§ **Data to examine**

══════════

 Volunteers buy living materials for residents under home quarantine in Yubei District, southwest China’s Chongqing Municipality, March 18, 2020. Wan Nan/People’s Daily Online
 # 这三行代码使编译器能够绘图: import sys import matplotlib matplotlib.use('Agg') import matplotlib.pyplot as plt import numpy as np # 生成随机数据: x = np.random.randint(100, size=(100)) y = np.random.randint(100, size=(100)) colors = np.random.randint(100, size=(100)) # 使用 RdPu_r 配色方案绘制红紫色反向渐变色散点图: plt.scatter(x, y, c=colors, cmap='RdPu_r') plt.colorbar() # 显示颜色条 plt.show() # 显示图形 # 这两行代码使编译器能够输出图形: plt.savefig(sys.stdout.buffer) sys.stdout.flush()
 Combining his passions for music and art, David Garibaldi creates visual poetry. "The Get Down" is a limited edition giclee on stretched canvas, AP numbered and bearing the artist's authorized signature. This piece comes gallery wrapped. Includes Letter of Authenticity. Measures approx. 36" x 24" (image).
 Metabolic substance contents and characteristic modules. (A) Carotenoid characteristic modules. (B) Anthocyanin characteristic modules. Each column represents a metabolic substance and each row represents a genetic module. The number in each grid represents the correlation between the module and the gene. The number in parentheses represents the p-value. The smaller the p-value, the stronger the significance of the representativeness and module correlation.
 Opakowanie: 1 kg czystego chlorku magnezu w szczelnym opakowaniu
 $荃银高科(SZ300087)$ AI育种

══════════

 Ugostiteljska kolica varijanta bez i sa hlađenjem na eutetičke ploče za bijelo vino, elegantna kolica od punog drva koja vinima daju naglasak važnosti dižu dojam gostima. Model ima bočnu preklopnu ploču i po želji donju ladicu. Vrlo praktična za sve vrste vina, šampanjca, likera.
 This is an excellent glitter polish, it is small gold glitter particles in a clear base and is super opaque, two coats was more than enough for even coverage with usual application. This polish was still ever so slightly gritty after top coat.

══════════

The output should be exactly the lines above from the line containing "# 这三行代码使编译器能够绘图: import" to the line containing "Combining his passions", inclusive, with no other lines.

 # 这三行代码使编译器能够绘图: import sys import matplotlib matplotlib.use('Agg') import matplotlib.pyplot as plt import numpy as np # 生成随机数据: x = np.random.randint(100, size=(100)) y = np.random.randint(100, size=(100)) colors = np.random.randint(100, size=(100)) # 使用 RdPu_r 配色方案绘制红紫色反向渐变色散点图: plt.scatter(x, y, c=colors, cmap='RdPu_r') plt.colorbar() # 显示颜色条 plt.show() # 显示图形 # 这两行代码使编译器能够输出图形: plt.savefig(sys.stdout.buffer) sys.stdout.flush()
 Combining his passions for music and art, David Garibaldi creates visual poetry. "The Get Down" is a limited edition giclee on stretched canvas, AP numbered and bearing the artist's authorized signature. This piece comes gallery wrapped. Includes Letter of Authenticity. Measures approx. 36" x 24" (image).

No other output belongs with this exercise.